Indeed, an unexpected finding of our study is that the spatial foundations of income inequality in Los Angeles are in some respects stronger than in traditional cities such as Chicago, at both the neighborhood level and at the individual level, and especially at the top. The contextual advantage of the affluent and whites, in particular, is virtually unaffected by residential and social mobility, individual differences, and changing life circumstances including the Great Recession. To be sure, inequality is manifested distinctly in Los Angeles. Unlike results derived from Chicago, we have seen in Los Angeles that the mover-stayer distinction is weaker and that within-region circulation is considerable but that a noticeable core-periphery distinction with respect to basic patterns is not. Moreover, Latinos are not that different from blacks in Los Angeles; both groups experience more or less stable levels of exposure to lower neighborhood income over time compared with whites. In Chicago, African Americans are decidedly worse off than Latinos. Katz (2012) asserts that the black-white frame is breaking down, but it still holds for minorities overall. In Los Angeles, the main story is one of white spatial advantage over Asians, blacks, and Latinos. [End Page 125]

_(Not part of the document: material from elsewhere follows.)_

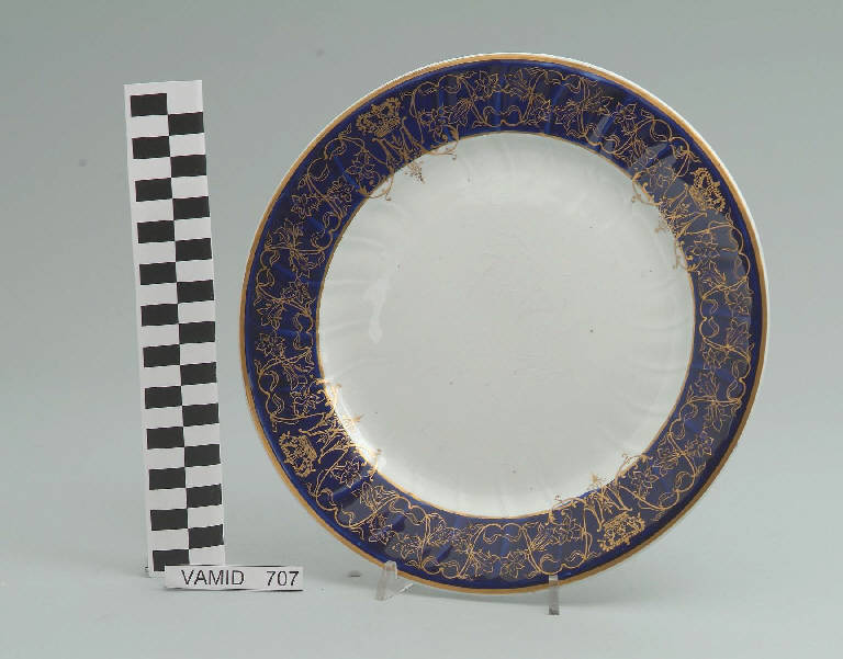 Piatto piano circolare; fondo bianco con tesa in color blu Sevrès con motivi vegetali e corona del Regno d'Italia in oro; bordo rifinito con filettatura oro.

We are left, then, with the conclusion that though the spatial foundations and dynamics of income inequality in Los Angeles take on distinct manifestations, the underlying or latent structure is disturbingly familiar and rigid. That the persistence of advantage and disadvantage over time finds fertile soil in the sprawling metropolis of Los Angeles suggests that the mechanisms driving the "old inequality" may be even more durable than commonly thought.

Robert J. Sampson

Robert J. Sampson is Henry Ford II Professor of the Social Sciences at Harvard University.

Jared N. Schachner

Jared N. Schachner is a PhD candidate in sociology and social policy at Harvard University.

Robert D. Mare

Robert D. Mare is Distinguished Professor of Sociology at the University of California, Los Angeles.

Direct correspondence to Robert J. Sampson at rsampson@wjh.harvard.edu, Department of Sociology, Harvard University, William James Hall, 33 Kirkland St., Cambridge, MA 02138
Jared N. Schachner at jschachner@fas.harvard.edu, Department of Sociology, Harvard University, William James Hall, 33 Kirkland St., Cambridge, MA 02138
Robert D. Mare at mare@ucla.edu, Department of Sociology, UCLA, Haines Hall, 375 Portola Plaza, Los Angeles, CA 90095.

We thank the RSF conference participants, special volume editors, and anonymous reviewers for helpful comments on a prior draft. This article was supported in part by a grant from the Hymen Milgrom Supporting Organization.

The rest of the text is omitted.